COLLECTED DATA below:

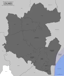 É sede do Município de Loures que tem 201 590 habitantes[1] e 167,24 km2 de área,[2] subdividido em 10 freguesias.[3] O município é limitado a norte pelo município de Arruda dos Vinhos, a leste por Vila Franca de Xira e pelo estuário do Tejo (território oficialmente atribuído também a Vila Franca de Xira), a sudeste por Lisboa, a sudoeste por Odivelas, a oeste por Sintra e a noroeste por Mafra.
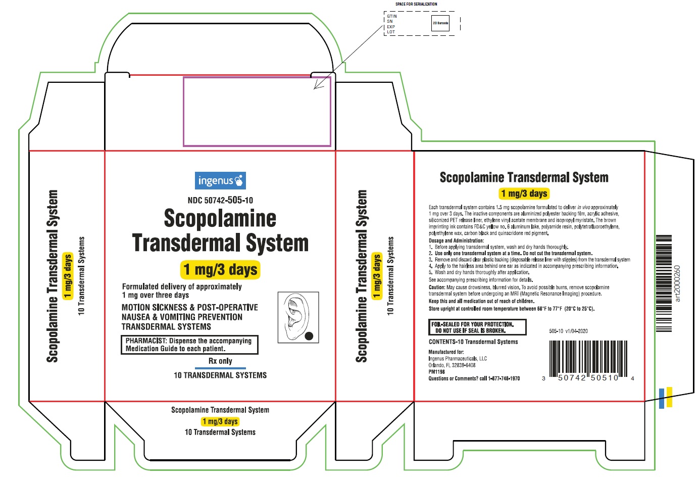 The following 12 images provide visual information about the product associated with Scopolamine NDC 50742-505 by Ingenus Pharmaceuticals, Llc, such as packaging, labeling, and the appearance of the drug itself. This resource could be helpful for medical professionals, pharmacists, and patients seeking to verify medication information and ensure they have the correct product.
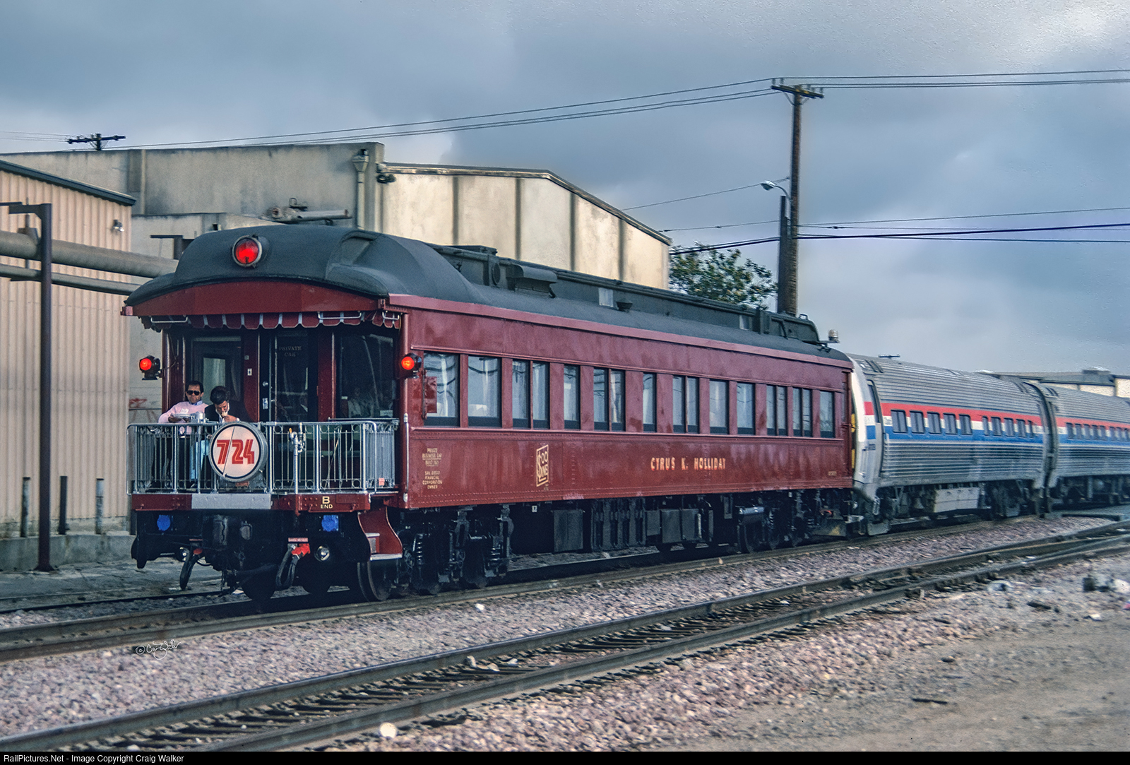 A former Soo Line business car, built in 1921, brings up the markers (in this case, old school marker lights) as Amtrak San Diegan 578 rushes through the city of Orange on its way from Los Angeles to San Diego. This car’s origins are a bit murky, but it is owned by the San Diego Financial Corporation (owner of San Diego Trust and Savings Company, and then owned by Kennebec Financial Corporation of San Diego when SDFC was merged with First Interstate Bank of California) and, while it is painted in Soo markings, it carries the name of the Santa Fe Railway’s first president, Cyrus K. Holliday. This car, still painted this way, is still in service occasionally today. (Orange, California – May 1989)

End of COLLECTED DATA.

Exclude every picture and restate the listing word for word.

[SOLVED EXERCISE]
 É sede do Município de Loures que tem 201 590 habitantes[1] e 167,24 km2 de área,[2] subdividido em 10 freguesias.[3] O município é limitado a norte pelo município de Arruda dos Vinhos, a leste por Vila Franca de Xira e pelo estuário do Tejo (território oficialmente atribuído também a Vila Franca de Xira), a sudeste por Lisboa, a sudoeste por Odivelas, a oeste por Sintra e a noroeste por Mafra.
 The following 12 images provide visual information about the product associated with Scopolamine NDC 50742-505 by Ingenus Pharmaceuticals, Llc, such as packaging, labeling, and the appearance of the drug itself. This resource could be helpful for medical professionals, pharmacists, and patients seeking to verify medication information and ensure they have the correct product.
 A former Soo Line business car, built in 1921, brings up the markers (in this case, old school marker lights) as Amtrak San Diegan 578 rushes through the city of Orange on its way from Los Angeles to San Diego. This car’s origins are a bit murky, but it is owned by the San Diego Financial Corporation (owner of San Diego Trust and Savings Company, and then owned by Kennebec Financial Corporation of San Diego when SDFC was merged with First Interstate Bank of California) and, while it is painted in Soo markings, it carries the name of the Santa Fe Railway’s first president, Cyrus K. Holliday. This car, still painted this way, is still in service occasionally today. (Orange, California – May 1989)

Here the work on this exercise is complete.